Se il primo atto (per decreto) del “governo del cambiamento” si segnala per un tuffo nel passato, vuol dire che sono troppi i conti, anche politici, che non tornano. A tal punto che il presidente del Consiglio, Giuseppe Conte, si affretta a dichiarare che “ovviamente il Governo non è in contrasto con il mondo imprenditoriale”, mentre il suo vice nonché ministro dello Sviluppo e del Lavoro, Luigi Di Maio, preannuncia che con la prossima legge di bilancio verranno tagliati i costi del lavoro.

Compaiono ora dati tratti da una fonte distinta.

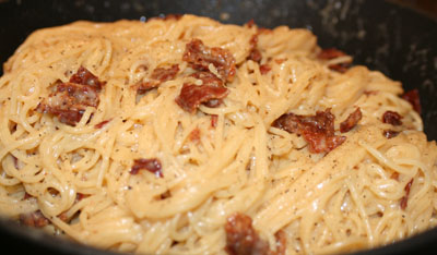Ēdiens ir jau reiz šajā blogā pieminēts. Jā, kā vēsta virsraksts, tas ir pasta alla carbonara, jeb tā pat vienkāršojot – makaroni ar šķiņķi. Protams, dzīve nav vienkārša un kā jau sapratāt, makaroni nav nekādi prastie un arī vajadzīgo šķiņķi nevar tā vienkārši Supernetto nopirkt. Nemaz nerunājot par parmezāna smalko brāli – pecorino romano. Bet Itālijā šo gatavoja ogļrači, tā vienkāršuma dēļ, un Otrā Pasaules kara jenķi aizvedot uz Ameriku šo ēdienu vēl šobaltdien restorānos sauc par ogļraču spageti. Lai arī Latvijā autentisku to visu pagatavot nav nemaz tik krīzei piemēroti, bet es zinu ka vajag. Garšos.

Forse il decreto che a partire dai contratti a termine, al di là della lodevole intenzione di combattere la precarietà, finisce per reintrodurre vincoli e costi all'insegna del ritorno a un’idea novecentesca di un mercato del lavoro bloccato è scivolato un po' oltre le intenzioni iniziali dei proponenti? Forse durante la preparazione dei testi ci si è dimenticati che la campagna elettorale era finita assieme ai suoi innumerevoli slogan e che governare significa anche ascoltare chi per mestiere fa impresa sul campo? Qualcuno si è distratto? Perché l’altro vice premier, il ministro dell’Interno nonché leader della Lega, Matteo Salvini, ha disertato il primo Consiglio dei ministri del “governo del cambiamento” preferendo il Palio di Siena?
Fatto è che il danno è fatto e, come è stato notato, con queste misure avremo più cause legali che occupati, in un Paese che si ritrova improvvisamente meno attrattivo. Mentre il ministro dell’Economia, Giovanni Tria, a proposito di svolte e cambiamenti, ha un’idea esplosiva al contrario: discontinuità significa non far saltare i conti.
Naturalmente ci può essere tempo e modo per correggere un passo d’avvio più anti-storico che storico. Basta confrontarsi con la realtà ed avere come orizzonte un Paese che cambia, sì, ma in meglio e non in peggio.